# Cockatiels, cockatiels, cockatiels everywhere!! Oh and some other birds too!



## SftWrmRain (Sep 8, 2009)

I found myself quite camera happy today!! And now of course I have to share my friends with you all!


----------



## SftWrmRain (Sep 8, 2009)

*Conures*


This is my green cheek conure pair. They are very bonded as you can see, and really aren't loud at all. Their biggest issue is biting my fingers when I'm on the phone. LOL


----------



## SftWrmRain (Sep 8, 2009)

*Bella and Tiger and their football team!*


This is Bella the normal skyblue parakeet along with her man, Tiger who is a more rare Texas Clearbody mutation. They have been busy as you can see - this picture of their nest was taken yesterday. The average clutch size is 4-6 eggs, and this is Bella's FIRST clutch!! All the female babies will look like Tiger, and all the males will look like Bella. Not sure if she's even done laying yet. Tomorrow she is due to lay another IF she doesn't think she's had enough yet.
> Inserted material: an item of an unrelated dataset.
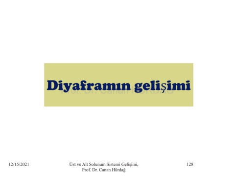 Diyaframın gelişimi Prof. Dr. Canan HURDAG 12/15/2021 Üst ve Alt Solunum Sistemi Gelişimi, 128 Prof. Dr. Canan Hürdağ

LOL 

I have no clue how she's going to care for all these babies - so far they've all been candled as fertile (except the last 2 laid because it's too early). Her first is due to hatch sometime between tomorrow and Sunday. I am just getting to where I can sleep all night from handfeeding two cockatiels from day one and I'm not ready to do it all over again! Wish Bella luck!!


----------



## SftWrmRain (Sep 8, 2009)

*Hudson the Bad *** (Can I say that?)*


So my Umbrella Cockatoo, Hudson thinks he can scare anyone and he regularly tries to scare my parakeets but as you can see from looking inside the cage while he's acting like a nut that they aren't in the least bit bothered by him. LOL At least he gets to THINK he's tuff stuff.  Oh, the last picture - he thought he ought to tell the cockatiels flying overhead they shouldn't land on his cage because... well, he's a bad ***.


----------



## SftWrmRain (Sep 8, 2009)

*Miscellaneous *


Last picture post, I promise!! This is my little fife canary, Adam, Puffball, Golfball, or whatever name suits you.  He sings soooo pretty and keeps the bird room full of song, as if there wasn't enough noise already.  We love him - a lot more than we thought we would! (He was a gift). Next is one of my African Greys about to launch himself at me. He says, "Hello bird!" among dozens of other words and songs. Last are the two baby cockatiels I've been raising from day 1. They're doing great and I just love being mommy to them! Thanks for putting up with all the pictures!!


----------



## heatheri004 (Aug 10, 2009)

You have lots of cuteness here


----------



## elenafan23 (Aug 16, 2009)

SftWrmRain said:


> So my Umbrella Cockatoo, Hudson thinks he can scare anyone and he regularly tries to scare my parakeets but as you can see from looking inside the cage while he's acting like a nut that they aren't in the least bit bothered by him. LOL At least he gets to THINK he's tuff stuff.  Oh, the last picture - he thought he ought to tell the cockatiels flying overhead they shouldn't land on his cage because... well, he's a bad ***.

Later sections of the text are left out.